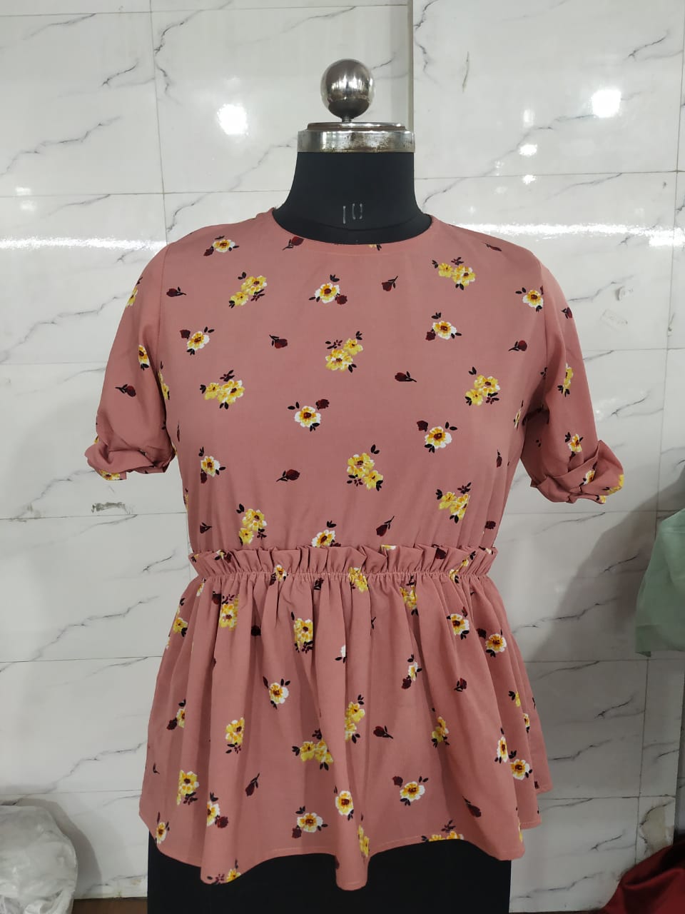 Peach peplum top with puff sleeves and small flower prints.
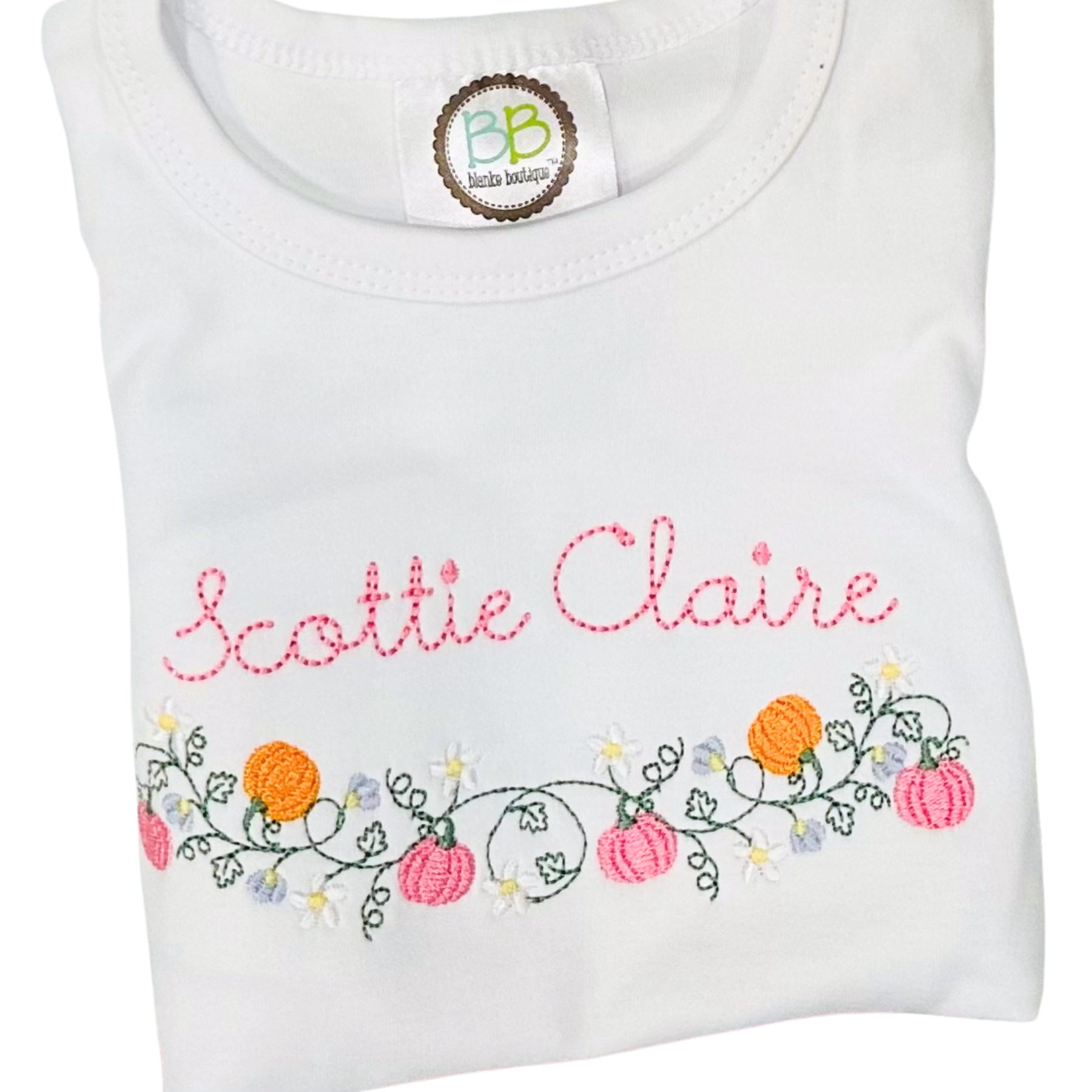 Celebrate the beauty of autumn with our Pumpkin Vine Design! This personalized embroidered shirt features a delicate stitched vine adorned with pumpkins, flowers, and leaves, paired with your child’s name in charming script. Perfect for fall festivals, pumpkin patch visits, Thanksgiving gatherings, and seasonal photos, this custom fall outfit brings cozy elegance to your little one’s wardrobe.
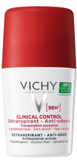 Vichy 96H Clinical Control Antitranspirante Antiodor reduz a transpiração excessiva para uma eficácia que dura 96 horas, proteção contra o suor e odor.

### [WHAT IS REQUIRED]
Without any of the pictures, reproduce the listing above exactly.

### [TASK RESPONSE]
 Peach peplum top with puff sleeves and small flower prints.
 Celebrate the beauty of autumn with our Pumpkin Vine Design! This personalized embroidered shirt features a delicate stitched vine adorned with pumpkins, flowers, and leaves, paired with your child’s name in charming script. Perfect for fall festivals, pumpkin patch visits, Thanksgiving gatherings, and seasonal photos, this custom fall outfit brings cozy elegance to your little one’s wardrobe.
 Vichy 96H Clinical Control Antitranspirante Antiodor reduz a transpiração excessiva para uma eficácia que dura 96 horas, proteção contra o suor e odor.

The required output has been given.